Lead author Brook Chernet, Ph.D., former post-doctoral associate in the Levin laboratory, injected cells in Xenopus laevis embryos with RNA encoding a mutant RAS oncogene known to cause cancer-like growths. The researchers also expressed and activated either a blue light-activated, positively charged ion channel, ChR2D156A, or a green light-activated proton pump, Archaerhodopsin (Arch), both of which hyperpolarize frog embryonic cells, thereby inducing an electric current that caused the cells to go from a cancer-like depolarized state to a normal, more negative polarized state. Activation of both agents significantly lowered the incidence of tumor formation and also increased the frequency with which tumors regressed into normal tissue.
The use of light to control ion channels has been a ground-breaking tool in research on the nervous system and brain, but optogenetics had not yet been applied to cancer.
"This provides proof of principle for a novel class of therapies which use light to override the action of oncogenic mutations," said Levin. "Using light to specifically target tumors would avoid subjecting the whole body to toxic chemotherapy or similar reagents."

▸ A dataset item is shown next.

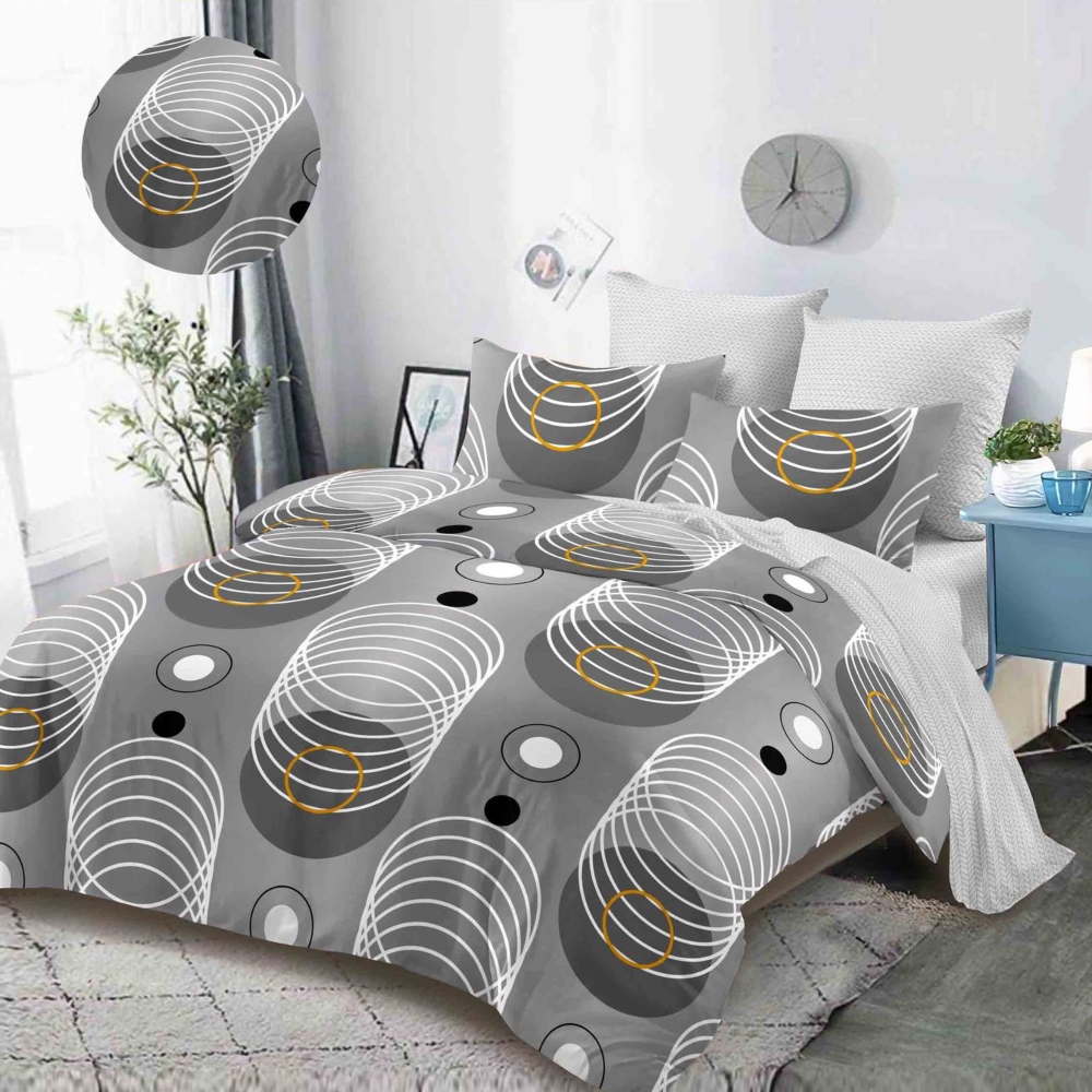 Lenjerii de pat din Finet Gros pentru pat dublu. Lenjeriile au o țesătură fină și plăcută la atingere și vă pot oferi confortul de care aveți nevoie în fiecare clipă. Datorită rezistenței și calității ridicate a țesăturii și imprimării pot fi folosite o perioadă lungă de timp, fără a-și modifica culorile sau caracteristicile. Materialul din care este confectionata lenjeria este de calitate superioara cu o textura fina, moale, foarte placuta la atingere si tratat antisifonare.

Other authors on the paper were Dany S. Adams, Ph.D., research associate professor in the Department of Biology, and Maria Lobikin, Ph.D., recent post-doctoral researcher in the Levin laboratory.
This work was supported by the G. Harold and Leila Y. Mathers Charitable Foundation.
Brook T. Chernet, Dany S. Adams, Maria Lobikin, and Michael Levin, "Use of genetically encoded, light-gated ion translocators to control tumorigenesis," Oncotarget, online March 16, 2016, DOI: 10.18632/oncotarget.8036.